Instructions to follow:
Give back, word for word, only the lines from the opening of the records through the one with "당신이 만약 트빌리시의". Pictures stay out.

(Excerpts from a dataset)
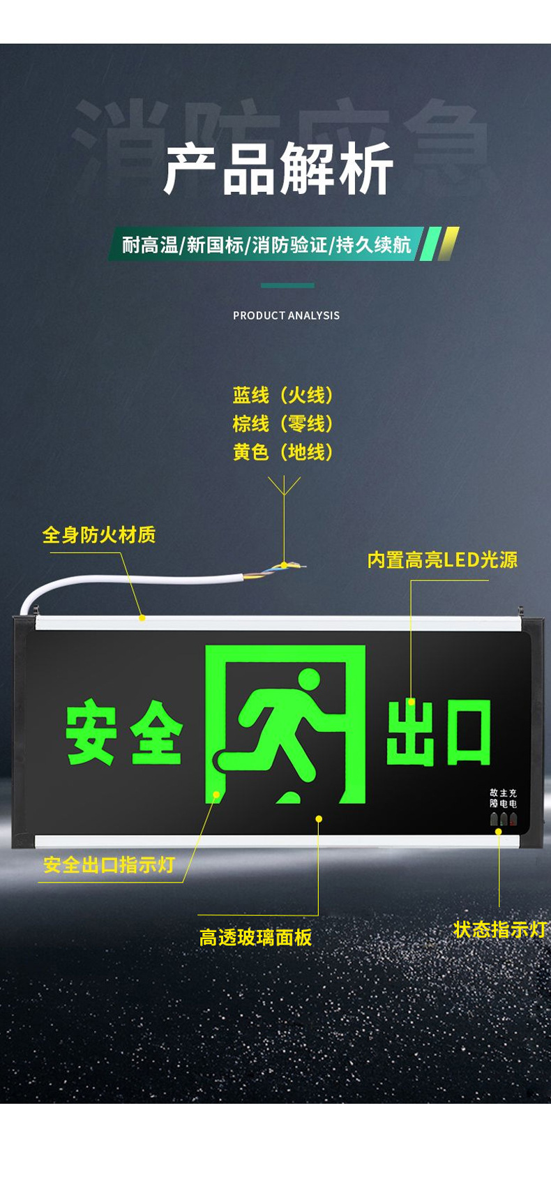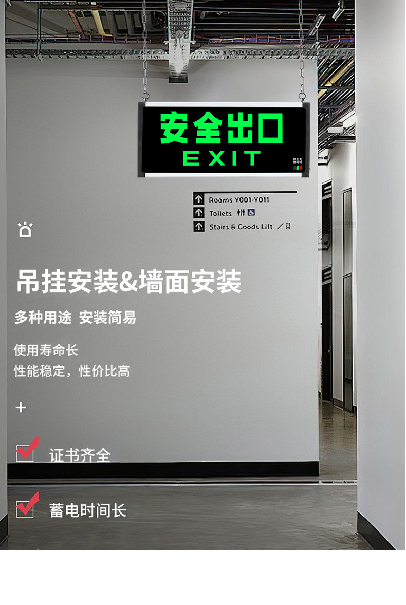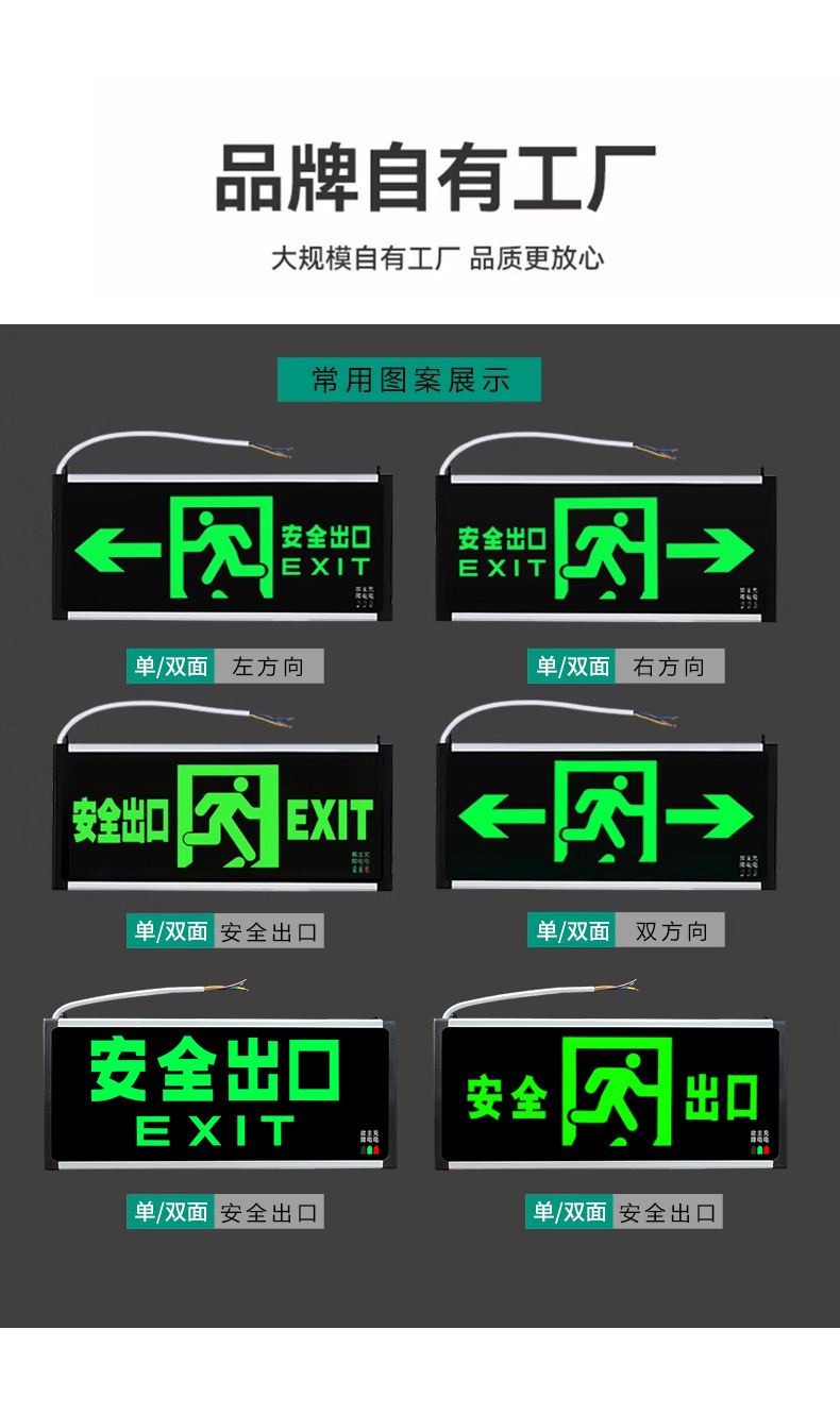 • 새로운 국가 표준 GB2024 버전 - 양면 - 안전한 출구
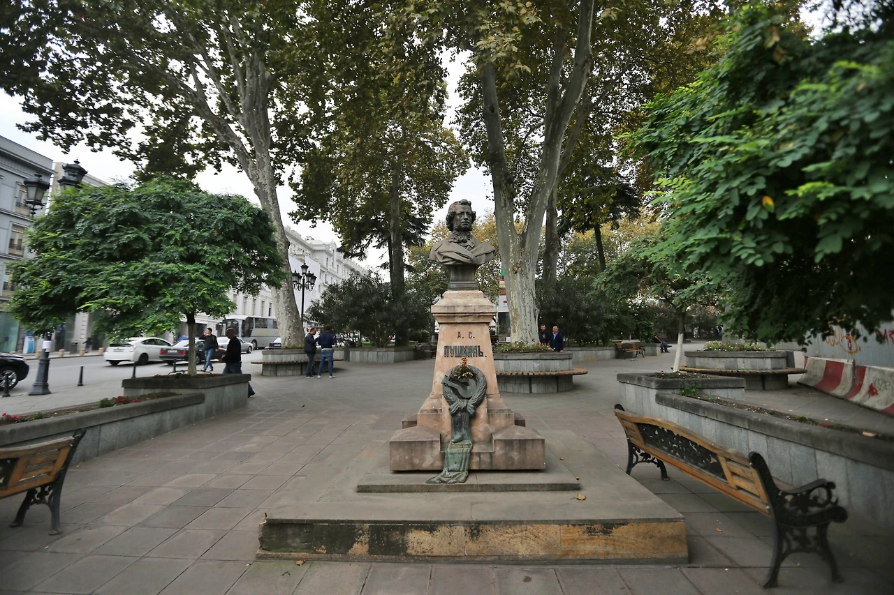 당신이 만약 트빌리시의 올드타운에 숙소를 구했다면, 당신은 도시 외곽으로 향하는 몇 가지 투어의 약속 장소로 매번 저 공원을 이용하게 될 것이다. 아니면 적어도 전철을 이용하기 위해서라도 여러 번 저 공원을 지나다니게 될 것이므로, 이곳의 이름 정도는 미리 알아두는 편이 좋겠다. 이곳은 ‘푸시킨 광장’이라고 불리는 곳이며, 지하도를 이용해 방금 건너온 도로는 ‘푸시킨 거리’라는 이름이 붙어있다.
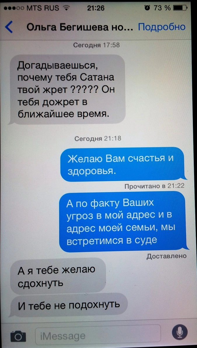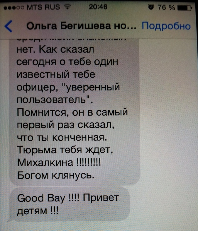 После этого телефон адвоката буквально расплавился от звонков и смс-ок. Михалкина узнала от Бегишевой о себе и своей карьере, всё что можно и нельзя. И — в основном в нецензурной форме. И это бы ладно. Но дальше посыпались угрозы. Причем, не только лично адвокату, но и ее детям…
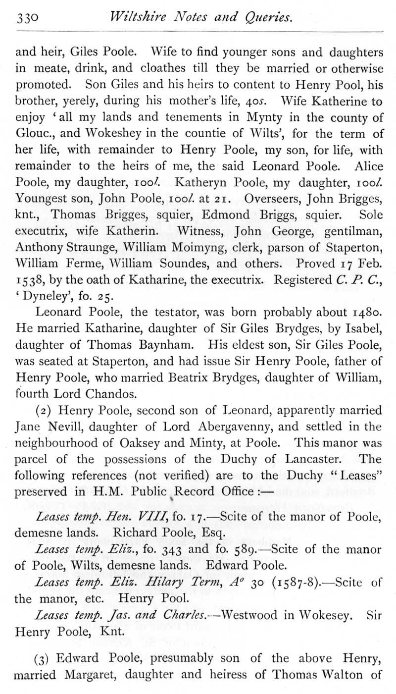 Page 41 Wiltshire members of the Long Parliament: Poole family.
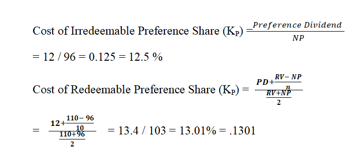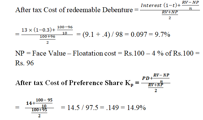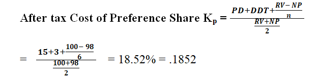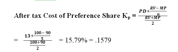 After tax Cost of Preference Share (Kp) = 13.5 % = 0.135
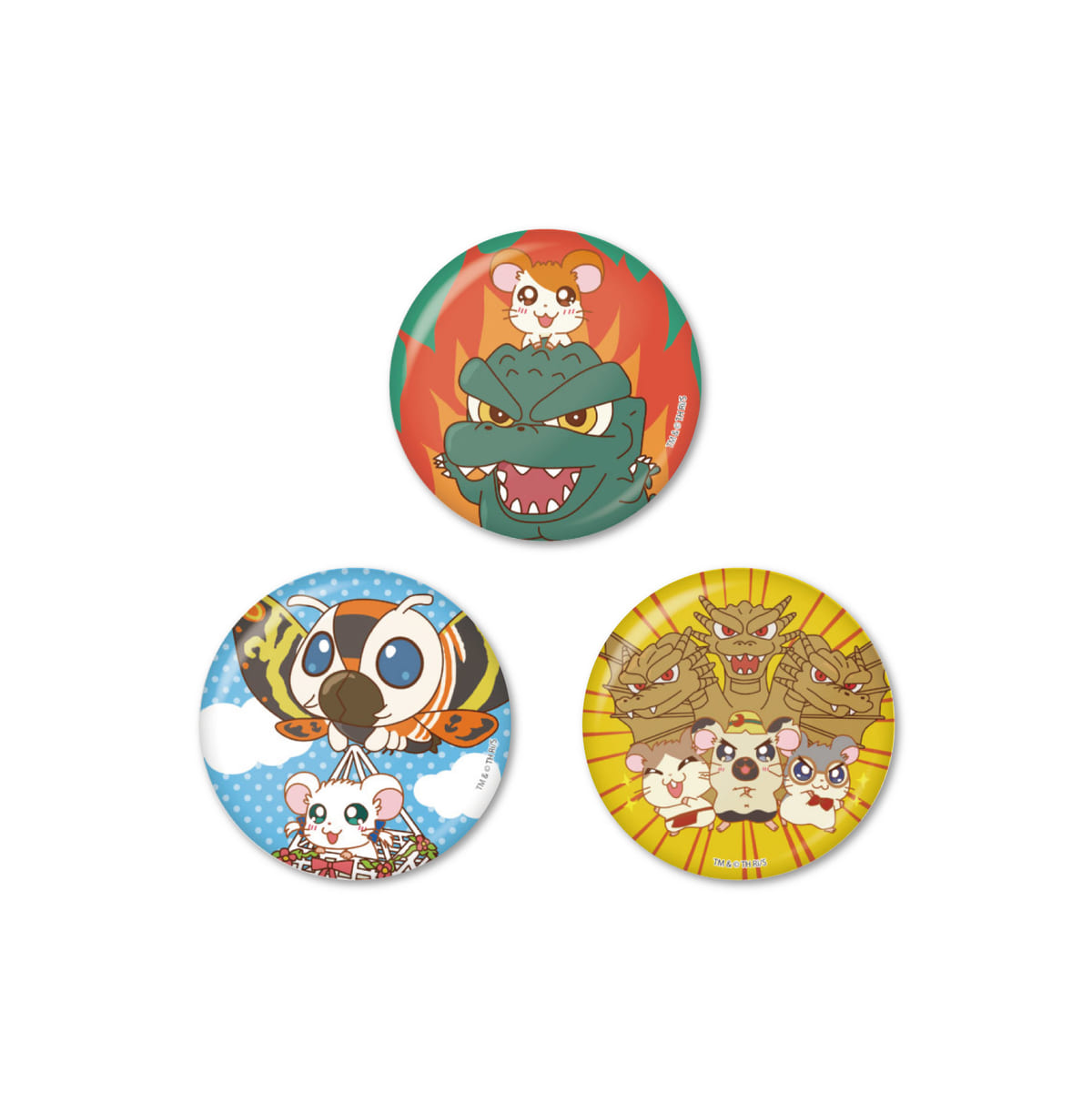 「ゴジラ」と「ハム太郎」だけでなく、人気の怪獣や「ハム太郎」の友だちデザインもラインナップした、メタリック缶バッジ。
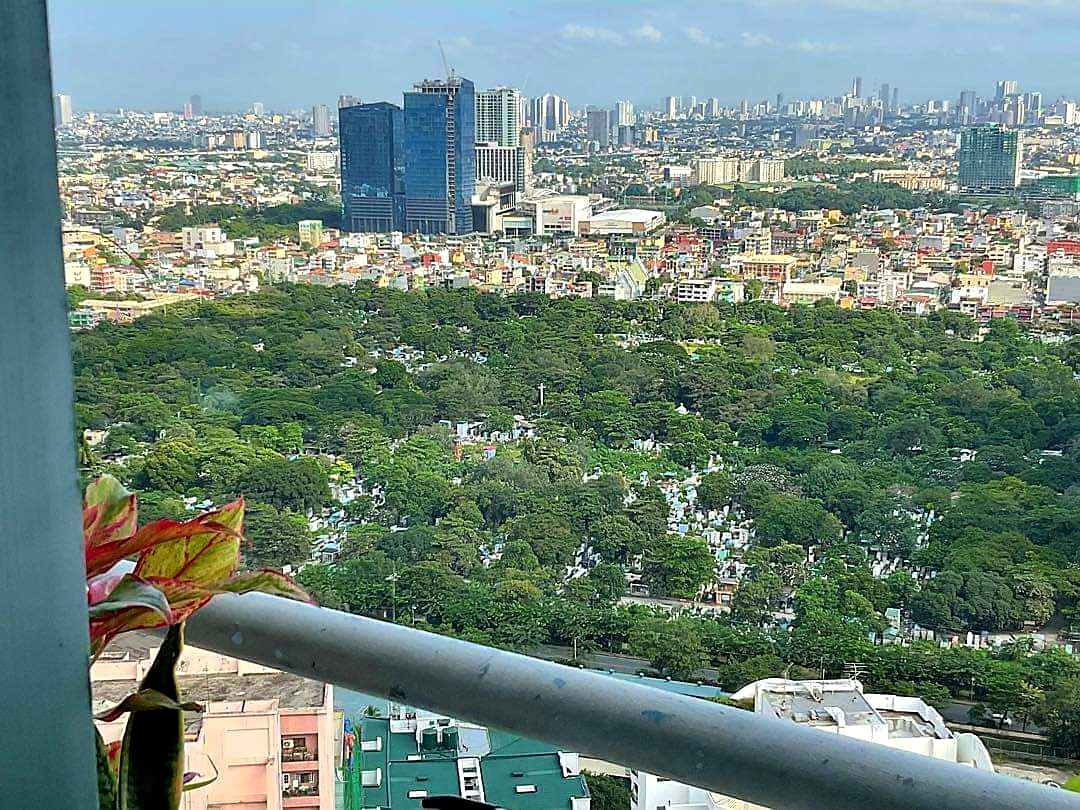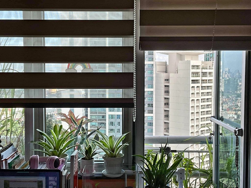 Living area has a sofa, console table, potted plants and has access to the balcony overlooking the views of Makati skyline
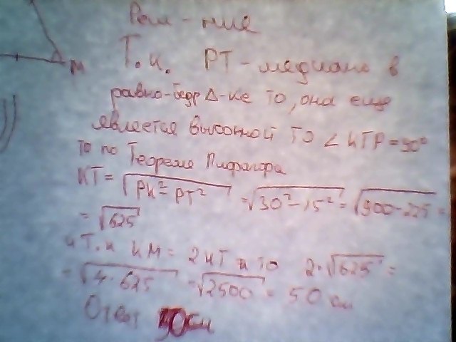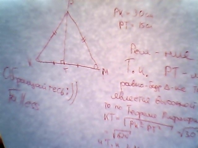 KMP равнобедренный треугольник.PT-медиана,проведенная к основанию.Найдите основание KM треуголника KMP,если PK=30 см,PT=15см
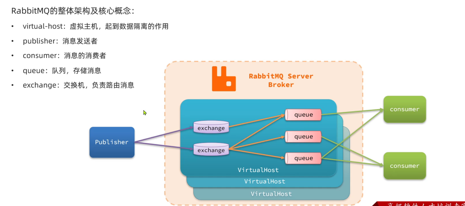 虚拟主机(vhost):一个"用户"只能操作属于自己的虚拟主机里的交换机和队列,起到了数据隔离的作用。
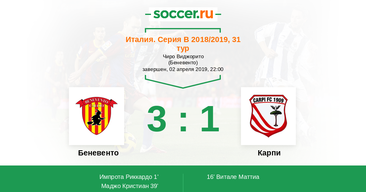 Протокол матча Беневенто против Карпи
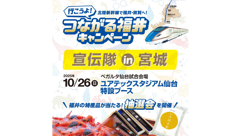 10月26日(日)開催、明治安田J2リーグ第34節 サガン鳥栖戦にて、北陸新幹線の福井・敦賀開業で身近になった宮城県のみなさまに福井県の魅力をPRする「“行こうよ”つながる福井キャンペーンブース」が出展されます。

Exercise output:
 • 새로운 국가 표준 GB2024 버전 - 양면 - 안전한 출구
 당신이 만약 트빌리시의 올드타운에 숙소를 구했다면, 당신은 도시 외곽으로 향하는 몇 가지 투어의 약속 장소로 매번 저 공원을 이용하게 될 것이다. 아니면 적어도 전철을 이용하기 위해서라도 여러 번 저 공원을 지나다니게 될 것이므로, 이곳의 이름 정도는 미리 알아두는 편이 좋겠다. 이곳은 ‘푸시킨 광장’이라고 불리는 곳이며, 지하도를 이용해 방금 건너온 도로는 ‘푸시킨 거리’라는 이름이 붙어있다.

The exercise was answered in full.